Māori Excellence in Technology: A Pasifika Perspective.
Talofa reader,
Last weekend, I was fortunate enough to get invited to attend ‘Ngā Tohu Matihiko | Celebrating Māori Excellence in Digital and Technology’ Awards at the Due Drop Centre, in Manukau.
The event was really well run1. The layout, design, and production quality in the lighting, sound, and visuals were on par with some of the best events I’ve been to, including the NZ Music Awards, Rhythm & Vines main stages, NZ Homegrown, and shows at Vector Arena2.
All, I imagine, on a budget much lower than those events.
This, in my opinion, is the true sign of excellence—making the most of what you have. This has been a feature of the Māori people as I’ve known them my whole life. Don’t let the news channels and newspapers' anti-Māori propaganda fool you into believing the usual rubbish about any brown community. Once you actually look into and experience people for yourself, you’ll quickly see the truth.
Māori are rich in history, culture, empathy, and humanity for everyone in NZ and around the world. Yes, they’re “people”, and people are complex. You’ll have those who aren’t happy about one issue or disagree on outcomes and decisions about other things.
This is called the human condition and is not unique to Māori or their community. All human communities will have their positives and their negatives—or “room for improvements”.
I’m often surprised, as an adult, that this has to be stated so often, so loudly, and so widely. I knew this as a kid; everything had “pros and cons”, “ups and downs”, “swings and roundabouts”. It was so obvious as a kid that life and everything in it was “yin and yang”. So why, as adults, has it become so complicated?

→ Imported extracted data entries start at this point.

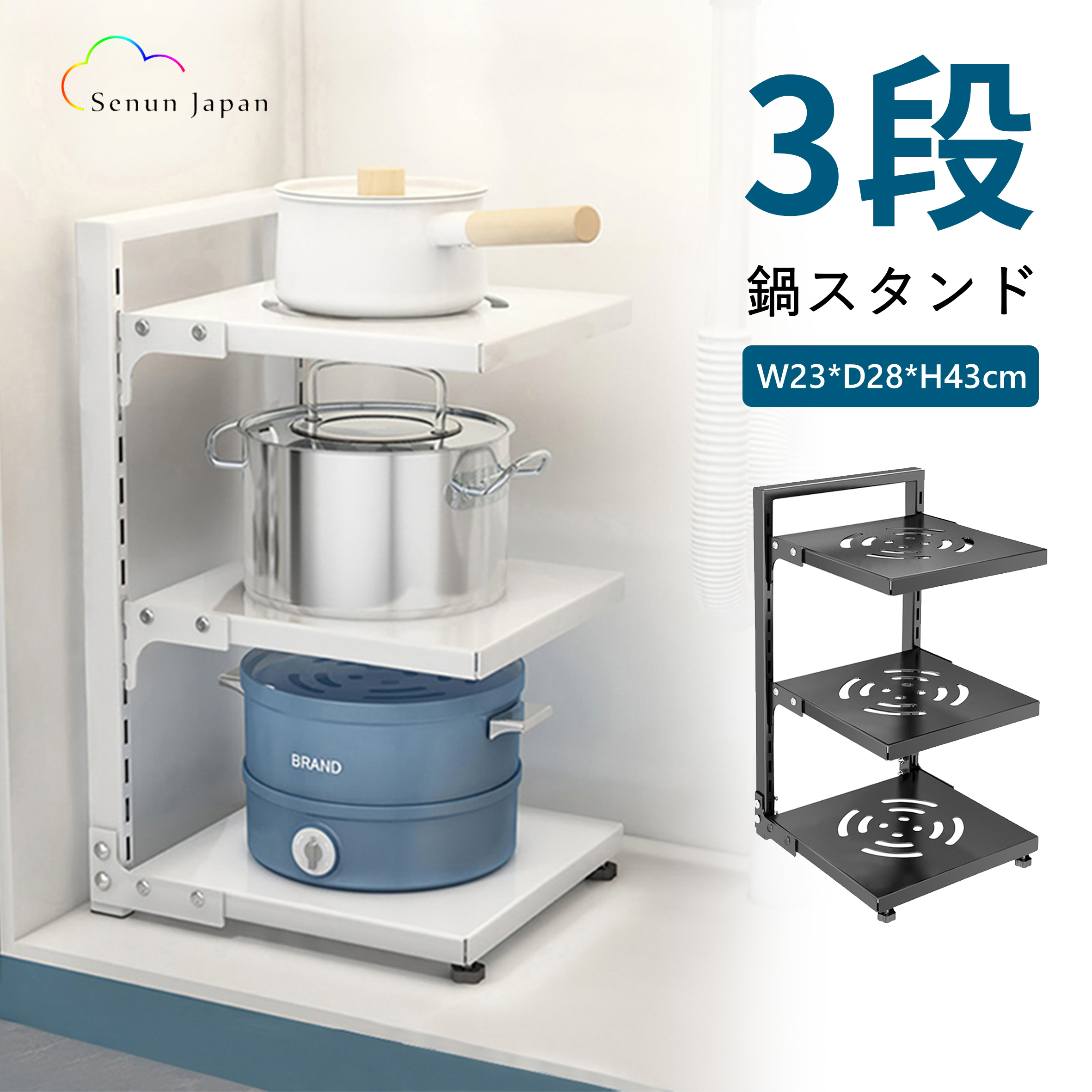 Qoo10キッチン収納ラック 鍋収納棚 選べる2色。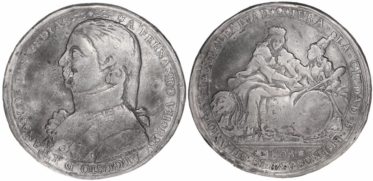 Buenos Aires, Argentina, silver proclamation medal, Ferdinand VII, 1808.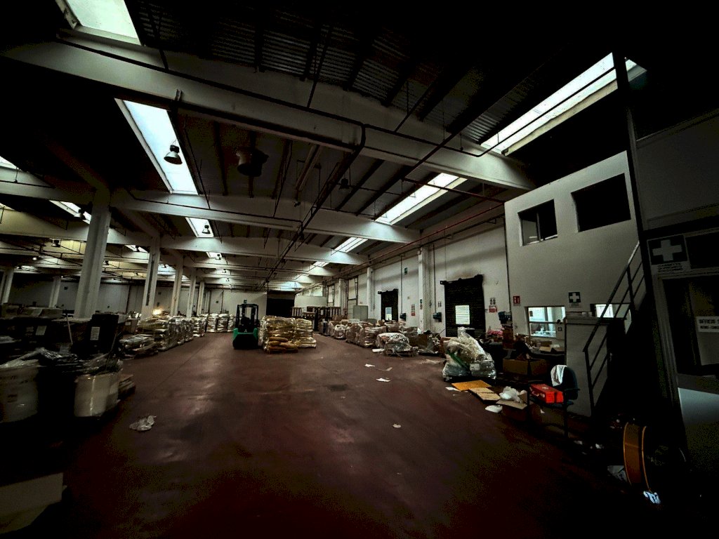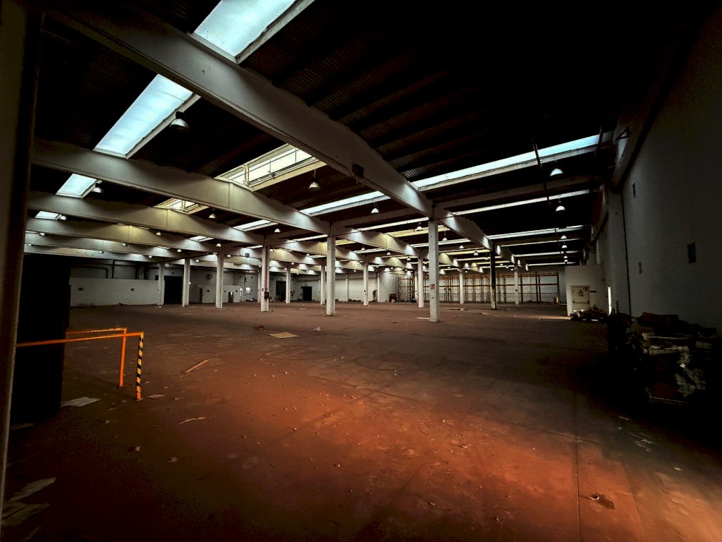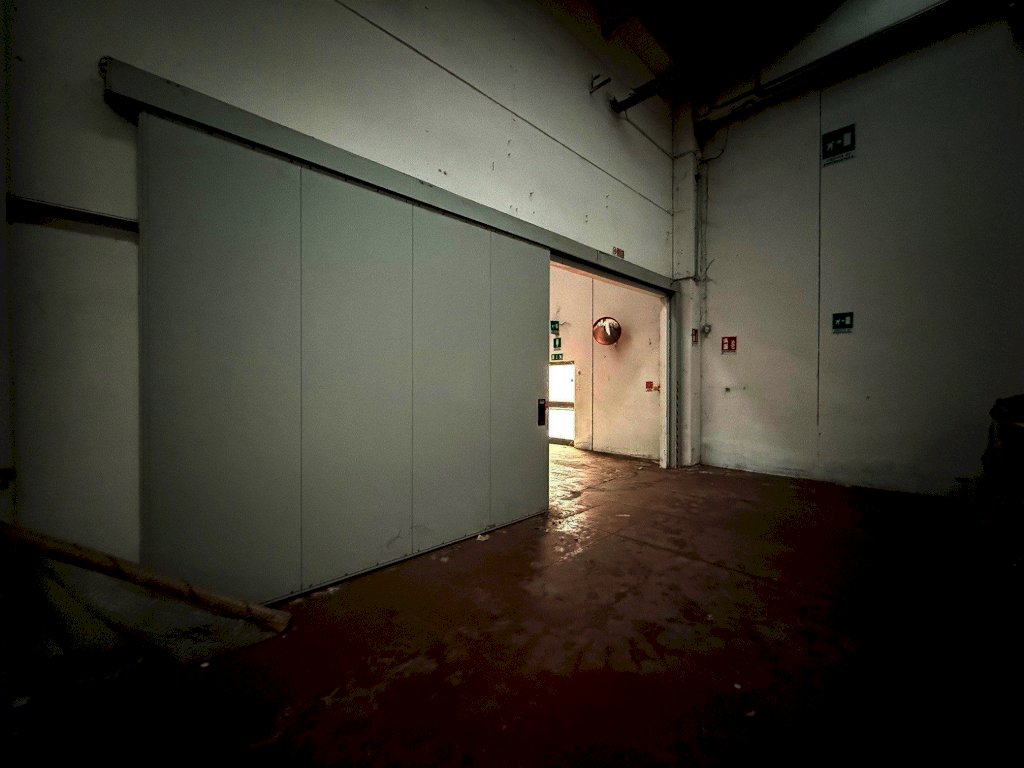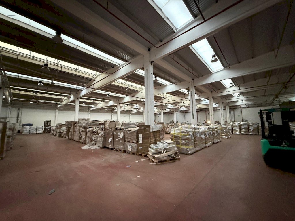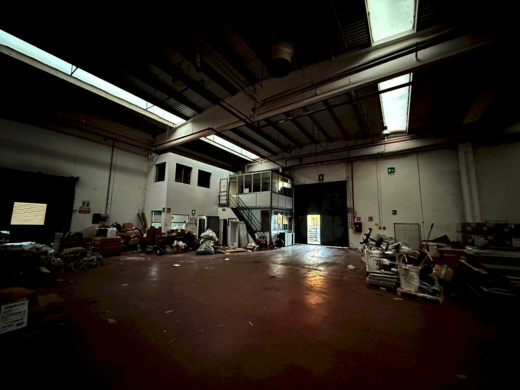 L’immobile è suddiviso in due aree principali; la prima area è di circa 2.600 mq ed è dotata di due portoni, due baie di carico su area esterna e due ribalte; è presente un piccolo ufficio distribuito su due livelli di ca 25 mq per piano, completo di bagno e spogliatoio. All’interno di questa porzione è presente un impianto antincendio a sprinkler, una zona magazzino di circa 200 mq. con area refrigerata ed una porta tagliafuoco che lo divide dalla seconda area di circa 2.900 mq accessibile tramite due portoni alti 4,5 metri.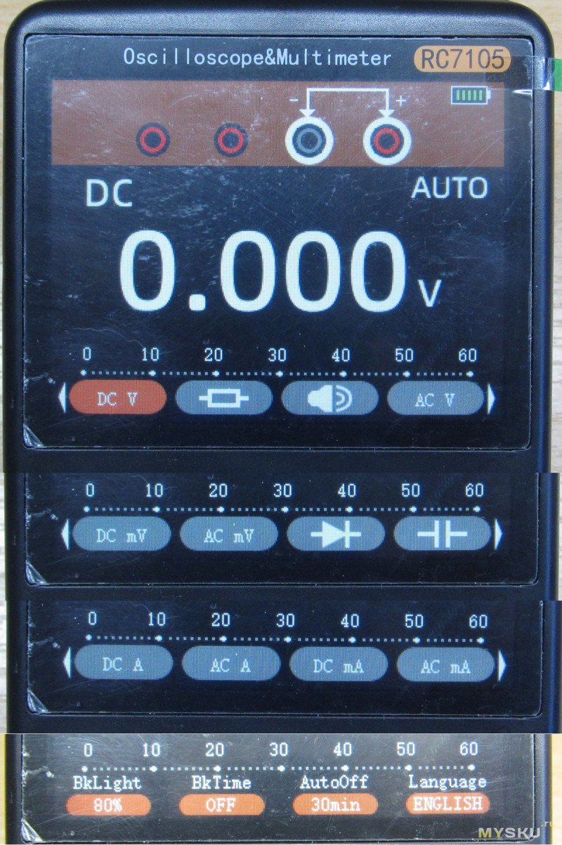 Экран режима мультиметра. В нижней части режимы работы переключаемые кнопками F1-F4, а кнопками вправо-влево меняются страницы с режимами, их три. По кнопке меню вызывается довольно скромное меню. Режимы при переключении на осциллограф и обратно не запоминаются — по умолчанию всегда VDC — благо хоть мультиметр/осциллограф при выключении прибора запоминаются. Удивило что AC и DC на разных кнопках. В верхней части экрана напоминалочка по гнездам. Было бы приятно видеть и светодиодную индикацию неправильного включения на самих гнездах, но я прекрасно понимаю что это дорого. Настройки яркости, времени свечения подсветки и автоотключения одинаковы для всех режимов. Языков два — китайский и английский.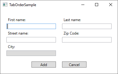 However, for this dialog, that's not the behavior I want. Instead I want to tab from First name to Last name (so basically moving horizontally instead of vertically), and on top of that, I don't want to enter the City field when tabbing through the form, because that will be automatically filled based on the Zip code in this imaginary dialog and has therefore been made readonly. To accomplish all of this, I will use two properties: TabIndex and IsTabStop. TabIndex is used to define the order, while the IsTabStop property will force WPF to skip a control when tabbing through the Window. Here's the markup used to create the dialog: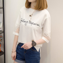 左品2017夏装新款短袖t恤女宽松学生打底衫体恤衫五分袖上衣女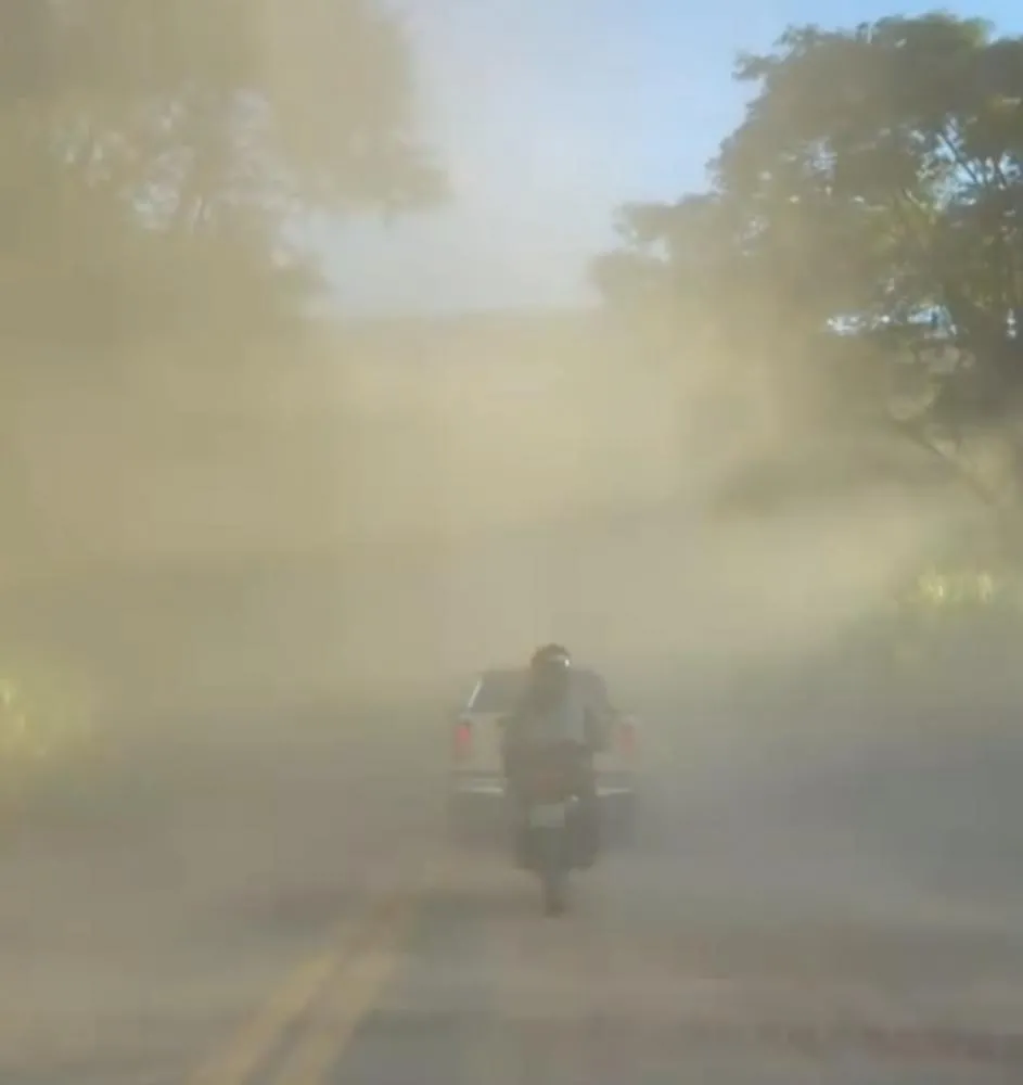 Serviços de roçada e limpeza realizados pelo DER-MG levantam nuvens de poeira, reduzindo a visibilidade e aumentando o perigo na estrada.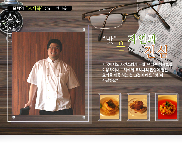 (chef) : 저에게 있어서 “맛”은 자연과 진심입니다. 자연의 식재료를 통해서 진심이 담긴 요리를 만드는 것이 맛이라고 생각합니다. 어렵게 외국에서 공수해서 사용하는 식재료가 아닌, 한국에서도 자연스럽게 구할 수 있는 식재료를 이용하여서 고객에게 요리사의 진심이 담긴 요리를 제공 하는 것 그것이 바로 “맛”이 아닐까요?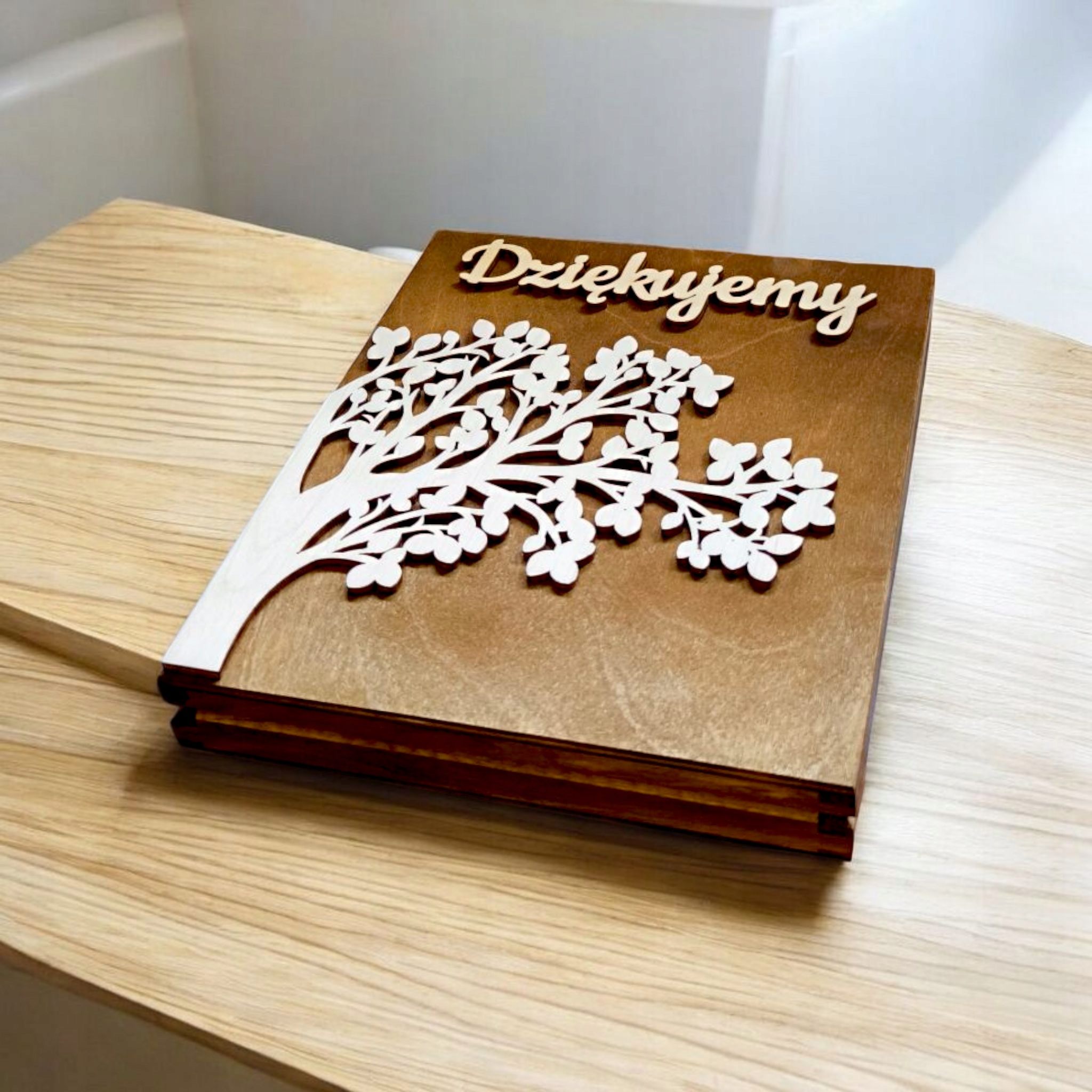 елегантний, закритий, закритий коробка у світлого кольору дуба, виготовлений з дерева, з лазерним написом "дякую" та декоративним мотивом дерева за кришкою дерева.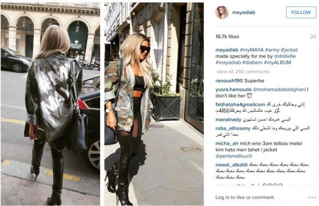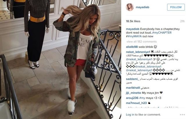 وعلقت مايا على إحدى الصور قائلة: "سترة عسكرية صممت خصيصاً لي". ونالت الصور كمّ كبير من الاعجاب والتعليقات التي لم يخلُ بعضها من الانتقاد بسبب إطلالتها، نظراً لملابسها الجريئة التي ارتدتها تحتها والتي لا تليق بالسترة العسكرية.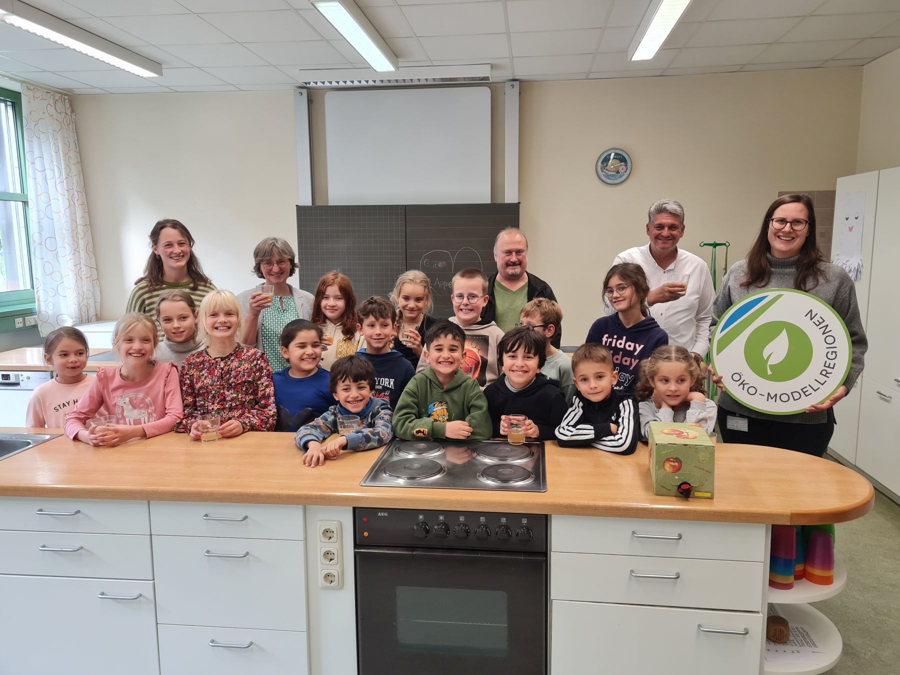 Neufahrns Bürgermeister Peter Forstner (2.v.r.) zusammen mit der Projektgruppe Streuobst um Öko-Modellregions-Managerin Veronika Stanglmayr (rechts) und Kindern der Grundschule Neufahrn.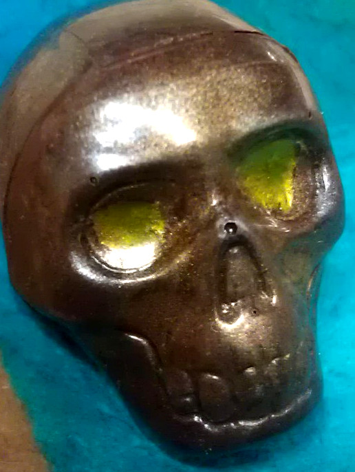A 3-dimensional skull half filled with habanero caramel and half filled with ghost chili ganache. Medium hot!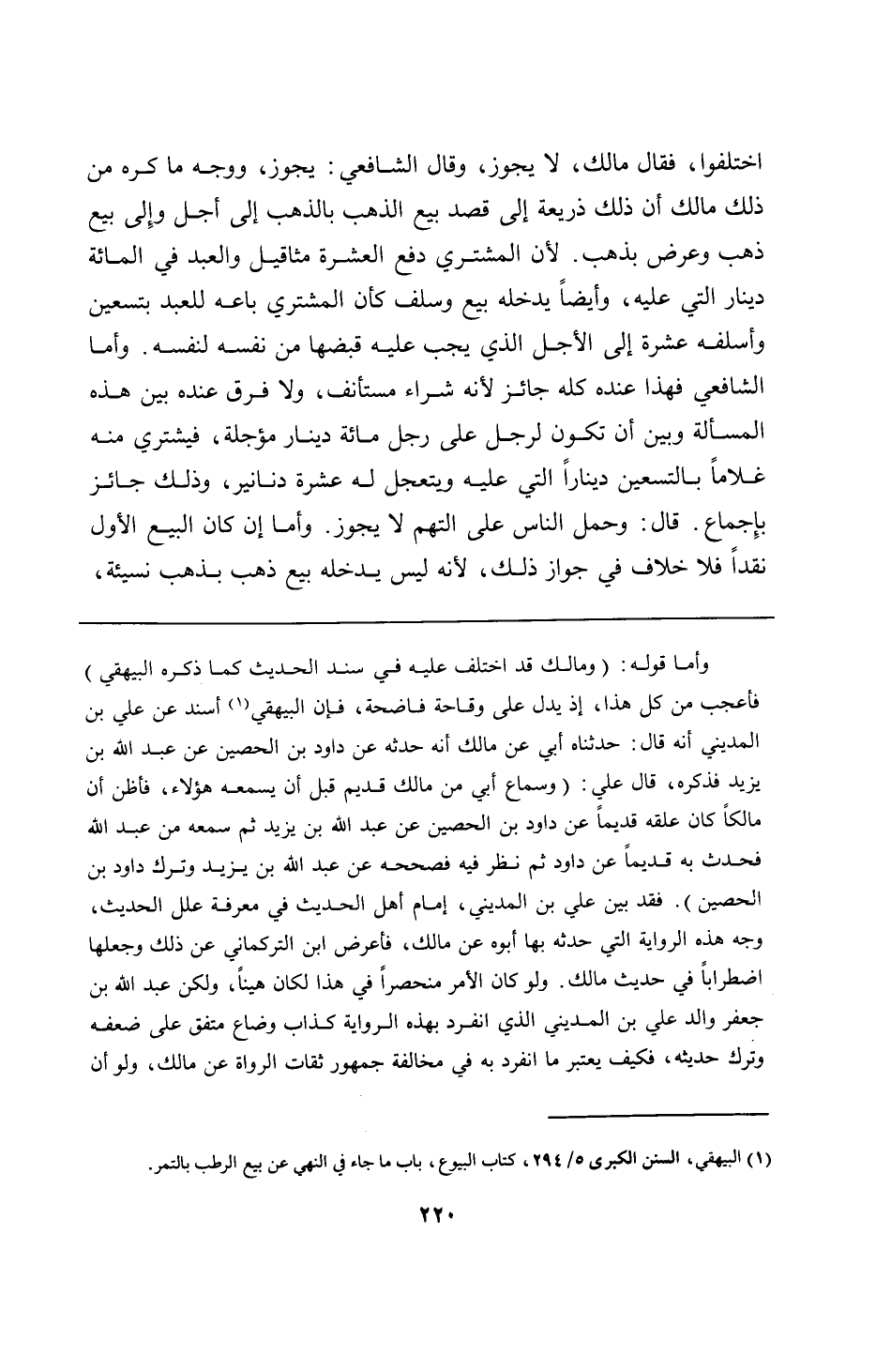 وأما قوله: (ومالك قد اختلف عليه في سند الحديث كما ذكره البيهقي) فأعجب من كل هذا، إذ يدل على وقاحة فاضحة، فإن البيهقي أسند عن علي بن المديني أنه قال: حدثناه أبي عن مالك أنه حدثه عن داود بن الحصين عن عبد الله بن يزيد فذكره، قال علي: (وسماع أبي من مالك قديم قبل أن يسمعه هؤلاء، فأظن أن مالكًا كان علقه قديمًا عن داود بن الحصين عن عبد الله بن يزيد ثم سمعه من عبد الله فحدث به قديمًا عن داود ثم نظر فيه فصححه عن عبد الله بن يزيد وترك داود بن الحصين). فقد بين علي بن المديني، إمام أهل الحديث في معرفة علل الحديث، وجه هذه الرواية التي حدثه بها أبوه عن مالك، فأعرض ابن التركماني عن ذلك وجعلها اضطرابًا في حديث مالك. ولو كان الأمر منحصرًا في هذا لكان هينًا، ولكن عبد الله بن جعفر والد علي بن المديني الذي انفرد بهذه الرواية كذاب وضاع متفق على ضعفه وترك حديثه، فكيف يعتبر ما انفرد به في مخالفة جمهور ثقات الرواة عن مالك، ولو أن

Why is it suddenly not a “spectrum” and it’s all black and white?
Sure, Israel and the genocidal Zionists have murdered 16,000 Palestinian children. Something like that is clearly black and white to me, as in capital ‘W’, wrong.
But I digress. Why am I recounting my experience at the Māori Tech Awards?
I guess, mainly to document and share my thoughts as a Pasifika person living in NZ, watching a Māori event.